Он приостанавливает пальцы: «Мне сказали, вы отказываетесь от уколов? Это напрасно, слушайте меня: боль отвлекает вас от главного. А вам надо сейчас очень плотно жить».
Он убеждающе на меня посмотрел, и я вспомнила, как он однажды сказал больному мальчику: «Ну, брат, если не можешь иметь то, что хочешь, научись хотеть то, что имеешь». Хорошо, я буду принимать эти уколы, этот морфий, в котором вы не сознаётесь мне.
Последняя радость – подчиниться ему. Он сказал: плотно жить. Я понимаю: передумать все неизрасходованные думы и дойти.
Что же я об этом вспомнила? К чему? Ах да, вот что. Такой же голос был у Екатерины Ильиничны, когда она ещё говорила. Теперь Екатерина Ильинична неживая.
Когда её унесли и я осталась в палате одна, я позвала и попросила его сегодня же, сейчас же туда, на тот берег – не хочу больше.
Он взял мою, отвратительную мне руку (всё тело моё, заболев, стало отвратительно моей душе; смерть: не покидает ли душа ставшее ей противным тело?), посмотрел в мои лопавшиеся от избытка боли глаза и сказал:
-Вы не готовы к тому, о чём просите. А боль – я сейчас что-нибудь придумаю…
-Не надо обезболивать. Раз не могу жизнь своими силами переносить – не надо, уберите её от меня.
Говорю это последним своим отчаянием, а какой-то не задетый смертью остаток успевает ещё раз ненасытно удивиться: прямая чёткость носа, бровей, чёткость взгляда, о Господи, серые глаза, темнота этих светлых глаз и ещё что-то неподдающееся: не одолеть словами.
-Не хочу следующего дня, - горько шепчу я.
-Ну вот, в вас ещё горечь. Люди, изжившие все запасы, говорят совсем не так. Перестаньте. Я сейчас уберу вашу боль – не лекарством, - говорил он, сосредоточившись пальцами на моём животе.
Он вышел и вскоре вернулся. По тому, что он стал делать, я и поняла наконец (примерно) свою болезнь: выход из желудка зажат опухолью, и хоть я не ем и почти не пью, соки жизни моей не освобождаются оттуда, желудок раздуло, он давит на лёгкие, я задыхаюсь.
Он вталкивал резиновую трубку мне в рот, чтобы выпустить через неё из желудка мою муку. Я давилась и кашляла, судорога сжимала горло, слёзы окружили глаза, мы причиняли друг другу страдание – и это было единственное доступное мне взаимодействие с ним.
Он сам вытирал мне губы салфеткой, и мне не было стыдно.
Как если бы я была его ребёнком.
* * *
Меня уже не хватает на удивление.
Наверное, последние часы моя душа, спохватившись, решила провести в этом мире самым прекрасным образом.

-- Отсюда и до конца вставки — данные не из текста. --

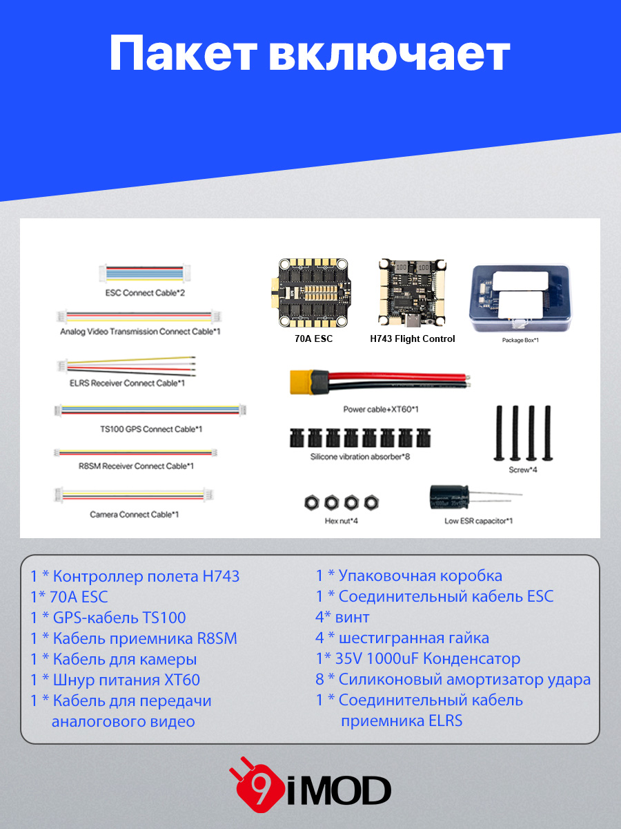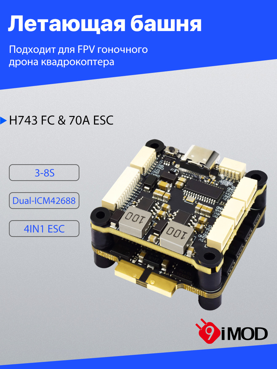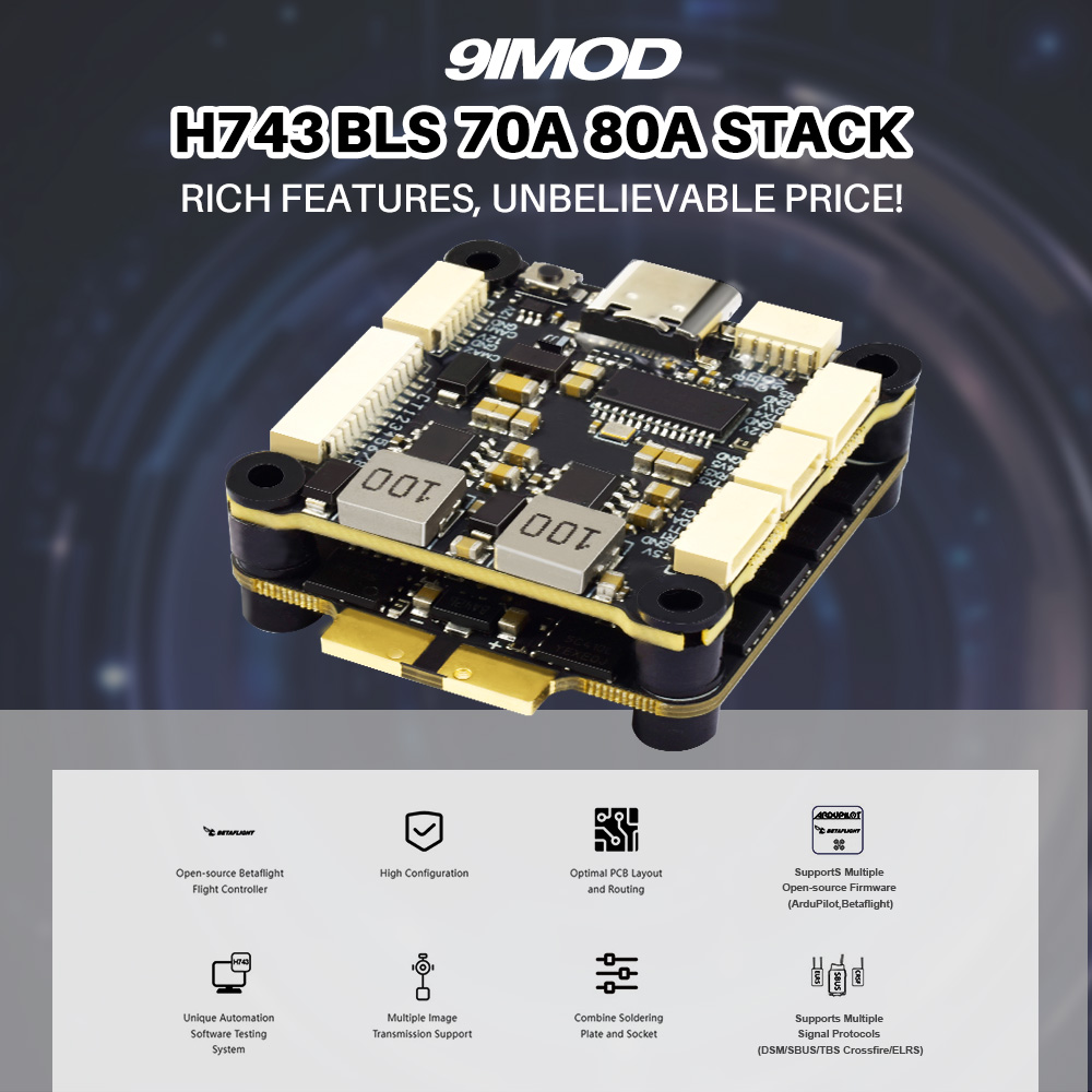 9IMOD H743 Flight Stack H743 Flight Control 4in1 70A/80A ESC 3-8S Lipo 30.5x30.5mm Dual ICM42688 Gyro 7 UART For RC FPV Racing Drone

На обход пришёл другой, визгливый, осмотрелся в палате: «Что такое, почему две койки пустые? У нас больных ложить некуда, а здесь!»
Так и сказал: «ложить».
«Лечащий врач не разрешил сюда никого класть», - ответила Оля.

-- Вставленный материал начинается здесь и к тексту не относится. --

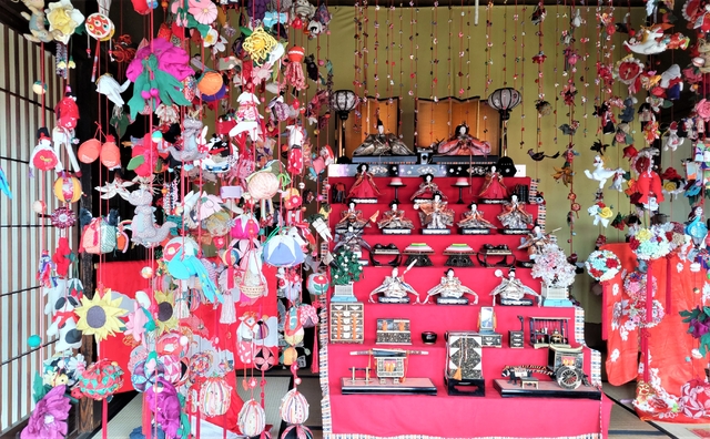 【那珂のひなまつり】 3月3日まで、曲がり屋の中に雛人形とともに、つるし雛がたくさん飾られています。 見ごたえがあります。 1本の紐に、いろいろな飾りが付けられ、その飾りもそれぞれ意味があるようです。 今年は辰年で、辰(竜)は「富」と「権力」の象徴とされる縁起のよい架空の生き物だそうです。 5月には、つるし飾りが見られるので、見に行きたいです。
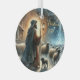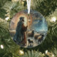 This nativity shepherd scene shows a bright heavenly north star shining in the night sky.

Он сел ко мне на кровать, не глядя взял пульс и фыркал: «Этот ваш красавчик ведёт себя по-барски. Что значит не разрешил? Чем его больные лучше наших? Почему у него условия должны быть лучше, чем у нас?»
Оля не ответила, он встал, так и не взглянув на меня.

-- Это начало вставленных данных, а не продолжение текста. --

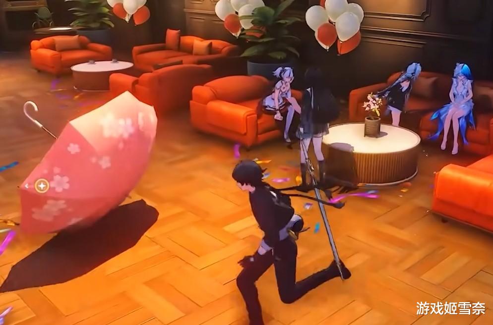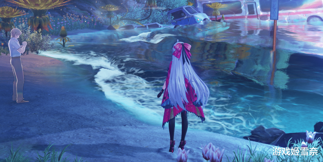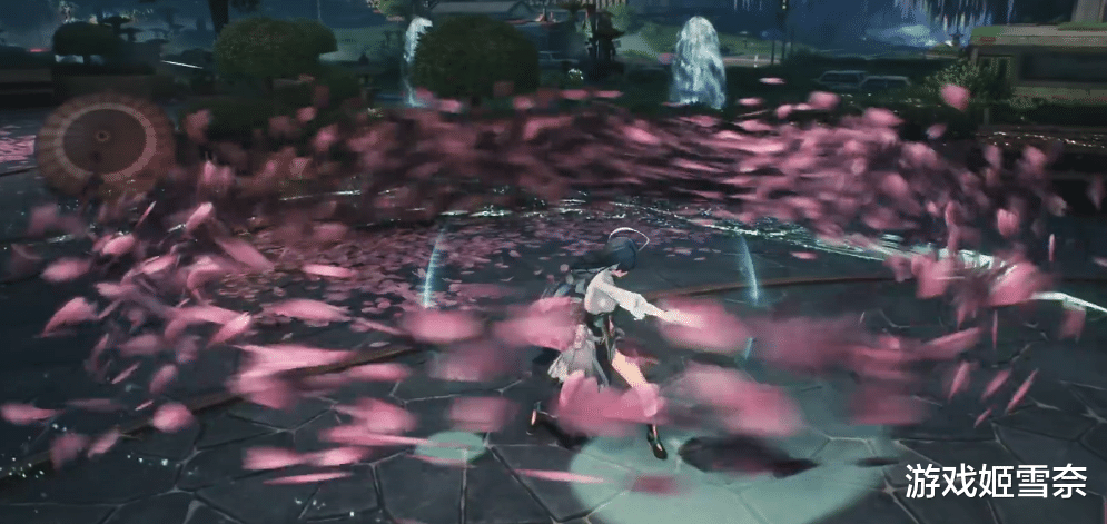 还有随处可见的各种互动物品,像是可以带着到处跑的雨伞,废都的垃圾易拉罐,掉在地上还闪光的灯笼,球场里的足球,以及每个植物经过时都会有碰撞而且碰撞体验都不相同,尤其是过剧情时有珍珠一样的白色泡沫球脚感真的好,踢一脚像气球一样一下飞老远又瞬间停下,我踢着它跑了一路。有玩家还发现所有的碰撞物都做了实机演算,他把雨伞打到路中间再开始过“CG”,结果发现伞在这段动画仍然出现,还被椿的植物触手碰到乱晃,本以为的CG动画居然是实机演算,太夸张了库洛。

Ах уроды! «Красавчик». Самое гнусное, что можно было бы о нём сказать. Не нашлось бы ничего поправить или изменить самому строгому скульптору в его гармонично неправильном лице.
* * *
Бывает: я закрываю глаза и вижу на веках негатив того, на что перед тем не смотрела и о чём даже не думала. Себя, например: белый силуэт на тёмном, лицо повёрнуто к запрокинутой руке. Похоже, душа моя уже некрепко соединена с телом. Она, как во сне, отделяется от меня наполовину, летает надо мной, и я вижу своё полупокинутое тело.
* * *
Любовь – она тихая. Она молчит, потому что когда она есть, становится ясно, что нет ни слова, ни жеста, ни образа, которым можно было бы хоть близко выразить её.
Неужели он не успеет выздороветь до моего конца? Впрочем, какая разница.